Limitations on Amount--Seller Sample Clauses

Limitations on Amount--Seller. If the Closing occurs, Seller shall have no liability under Section 10.02 until the total of all Damages indemnified thereunder exceeds one percent (1%) of the Purchase Price, and then Seller shall be liable for the entire amount of such Damages, not to exceed, however, fifteen percent (15%) of the Purchase Price.
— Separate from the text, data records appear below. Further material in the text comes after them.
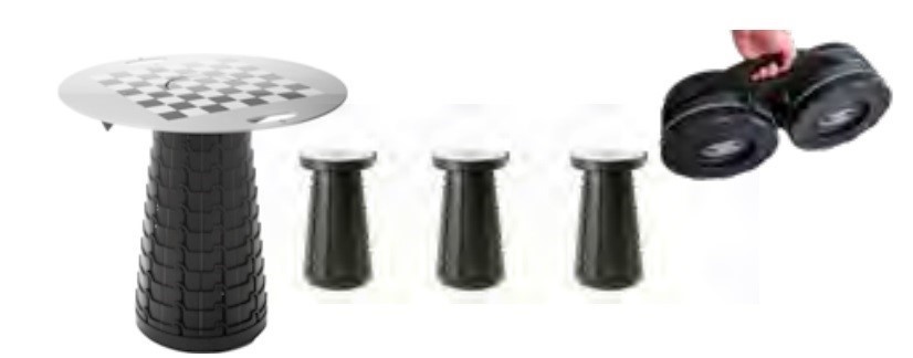 Ensemble de 4 tabourets rétractables dont un tabouret pouvant être transformé en table.• Tabouret et table : Hauteur 7 à 45 cm• Plateau de table : Ø 50 cm• 5,1 kg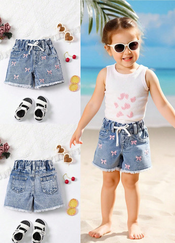 Джинсові шорти для дівчаток. Ці повсякденні шорти вінтажного синього кольору з принтом у вигляді метеликів мають прямий крій та гумку з бахромою на талії. Рекомендується прати або професійне хімчистка.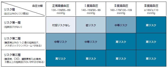 血圧値のみでなく、他のリスク因子との兼ね合いでの心血管リスクを層別化した。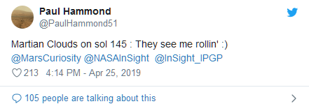 或許有些時(shí)候花點(diǎn)時(shí)間欣賞一下天空中翻滾的云朵是一件非常美好的事情,特別是在火星。本周,NASA 的洞察號探測器就拍攝到了一些來(lái)自火星的云團照。而以處理 NASA 火星照出名的公民科學(xué)家 Paul Hammond 就又通過(guò)洞察號傳回來(lái)的圖像為人們制作了一個(gè)火星翻滾云朵的動(dòng)態(tài)圖。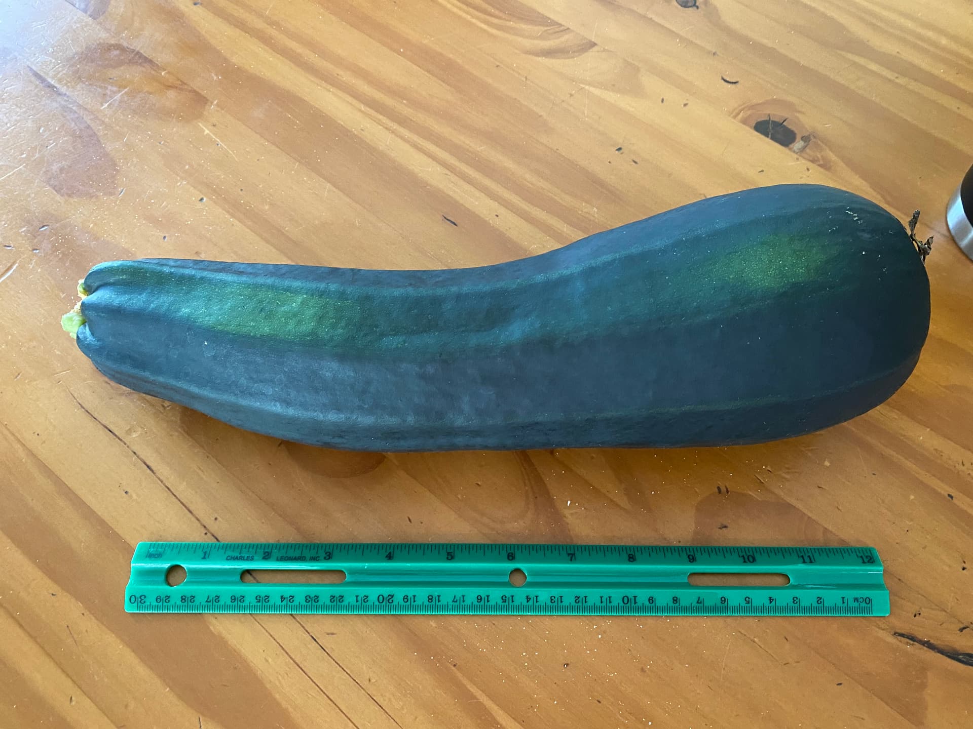 Our zucchini plants have been their best ever this year in terms of how much fruit they have produced. But my husband planted them a bit too close together in a box with a SunGold tomato plant that has also become quite unwieldy. As a result, he has missed a few of the zucchini, which enabled some to get too large.

Notwithstanding the foregoing and anything to the contrary in the Agreement, no limit on liability under this Section and no deductible or liability threshold under this Agreement shall be applied to reduce Seller’s obligations under Section 10.02 with respect to Sections 2.02, 2.05, 2.08, 3.01, 3.02, 3.07(b), 3.09, 3.10, 3.12 (in regard to Part 3.12(d) of Seller’s Disclosure Schedule), 3.20, 5.02, 5.03, 10.02(c), 10.02(d), 10.02(f), 10.02(g), 10.02(h), 12.01, 12.02, 12.05, and 12.16 or Article 11. Seller's liability for a breach of Section 3.08 for matters arising between the Title Claim Date and the Closing shall be subject to the deductibles and limitations to the extent made applicable under Section 11.08 rather than this Section.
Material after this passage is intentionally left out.